**Prompt:** The answer must consist solely of the lines from the one with "インド刺繍リボンをあしらった手のひらサイズのがま口ポーチ" through the last line of the data, copied exactly, with no pictures.

**Collected data:**
......

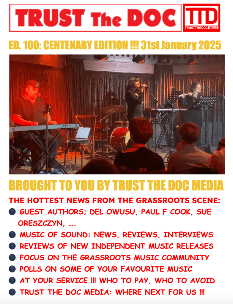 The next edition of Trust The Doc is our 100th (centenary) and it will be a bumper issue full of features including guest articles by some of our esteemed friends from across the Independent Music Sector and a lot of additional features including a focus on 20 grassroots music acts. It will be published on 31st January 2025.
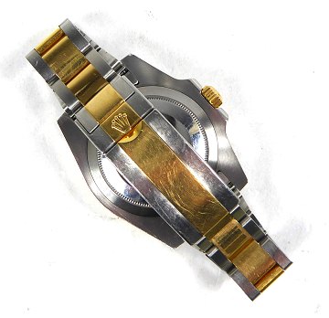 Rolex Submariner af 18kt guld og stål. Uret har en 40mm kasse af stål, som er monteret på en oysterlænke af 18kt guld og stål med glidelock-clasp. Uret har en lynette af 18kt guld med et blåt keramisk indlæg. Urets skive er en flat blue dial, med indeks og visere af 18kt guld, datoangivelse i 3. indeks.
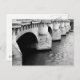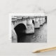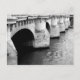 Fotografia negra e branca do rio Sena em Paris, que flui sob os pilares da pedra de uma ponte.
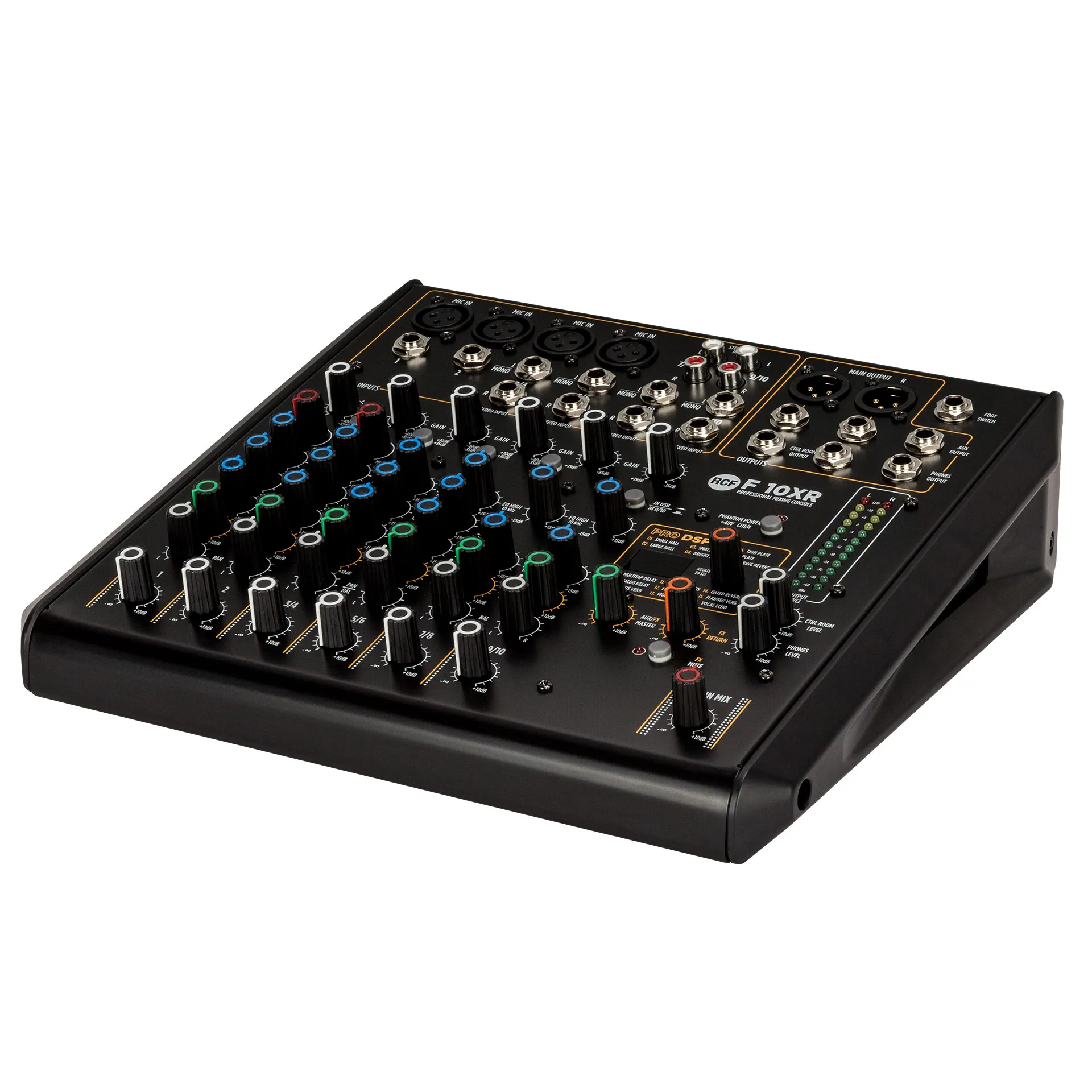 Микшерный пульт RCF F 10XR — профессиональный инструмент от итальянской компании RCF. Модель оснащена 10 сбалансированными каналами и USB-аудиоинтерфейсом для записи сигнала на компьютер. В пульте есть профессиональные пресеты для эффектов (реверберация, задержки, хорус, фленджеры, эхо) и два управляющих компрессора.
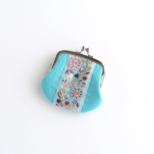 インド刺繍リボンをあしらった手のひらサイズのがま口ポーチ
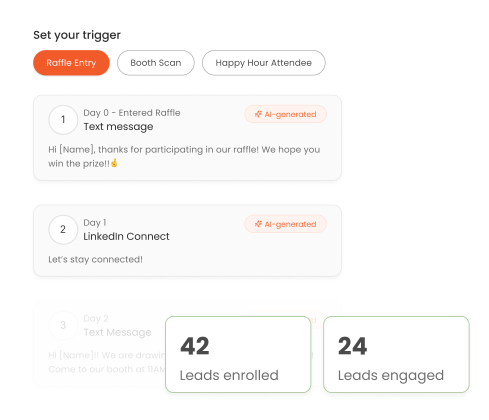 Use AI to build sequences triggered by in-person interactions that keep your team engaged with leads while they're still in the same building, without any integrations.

......

**Expected output:**
 インド刺繍リボンをあしらった手のひらサイズのがま口ポーチ
 Use AI to build sequences triggered by in-person interactions that keep your team engaged with leads while they're still in the same building, without any integrations.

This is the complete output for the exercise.